Все самые секретные здания и аппараты строили заключенные. Расчет был такой, что на самые секретные места посылали людей, осужденных на самые долгие сроки заключения. Вольнонаемных не брали, так как они могли в любое время уйти и разнести секретные сведения».

Е.П. Славский: «Должен сказать: на всех этапах и во всех областях огромного комплекса работ во главе был наш незабвенный Игорь Васильевич Курчатов. Мало сказать, что это был человек особого таланта, скажу честно, на протяжении всей своей длинной жизни я впервые встречал такого замечательного человека. Он был уникум! Все понимал слету. Все другие перед ним были тогда мальчики! Это сегодня они академики. Он проделал титаническую работу по всему комплексу и по созданию кадров ученых и инженеров. ТО время – было счастливое время моей жизни. Идут мои последние десятки лет. Скоро будем отмечать девяносто. Тридцать лет я был министром и четыре года при Игоре Васильевиче. За всю жизнь такого человеческого человека не встречал. Вспоминаешь сейчас – сердце жмет. Мы были как братья. Очень дружно мы жили».

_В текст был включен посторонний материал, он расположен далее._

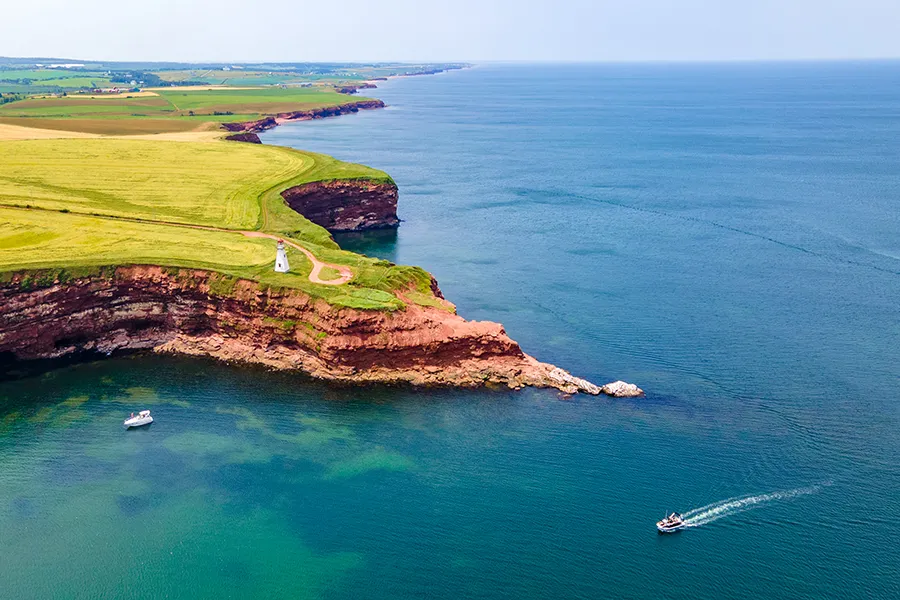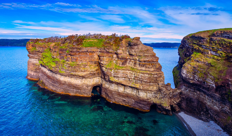 We head North through main and stop for fuel one last time int he states at the Northernmost airport in Maine. Entering New Brunswick Canada, we are officially on our way towards the first big destination, AntiCosti Island. We fly low along the beaches of the “Graveyard Of The Gulf”, named for the 400+ ships that have run aground and sunk here. Keep your eyes sharp for Bald Eagles as this is a popular nesting location for them. As we turn inland to fly around some canyons to spot Vauréal Falls, an incredible 250′ high waterfall. Next we fly along the limestone cliffs at Baie de la Tour and admire the beautiful turquoise waters. Our day ends at Gite du Copaco, a 7 room B&B right on the island.

Н.В. Риль: «Ввиду быстрого развития советской военной технологии, европейцы часто спрашивают, насколько значительным был вклад немцев в непосредственное послевоенное развитие этой формы советской промышленности.

По моему мнению, было бы наивно верить, что сотрудничество с немецкими специалистами в действительности сыграло решающую роль в развитии ядерной индустрии и других важных областей технологии. В сфере ядерной энергии Советы достигли бы своих целей на год, максимум на два, позже и без помощи немцев…

Я вспоминаю заявление, сделанное Завенягиным, когда он пытался объяснить, почему Советский Союз разрабатывал атомную бомбу. Он сказал: «Без нее мы потеряем суверенитет»…

В Электростали каждая семья получила по финскому деревянному дому, три приличных комнаты с ванной и кухней. У каждого домика был сад. На Урале большинство семей жило в очень симпатичных деревенских домиках из дерева с пятью комнатами и застекленной верандой. Остальные – в большом многоэтажном каменном здании. Размещения на Черном море были подобными. Мое семейство и я имели специальную привилегию проживания в роскошно обставленной каменной вилле… Я вспоминаю вечер в Электростали, когда директор школы нашел меня дома. Сначала он говорил на общие темы, и я не понимал причину его посещения. После третьего стакана водки он спросил, не будет ли лучше для психологии русских детей исключить из утреннего рациона юных немцев шоколад. Я признал это правильным и сделал так, как он сказал».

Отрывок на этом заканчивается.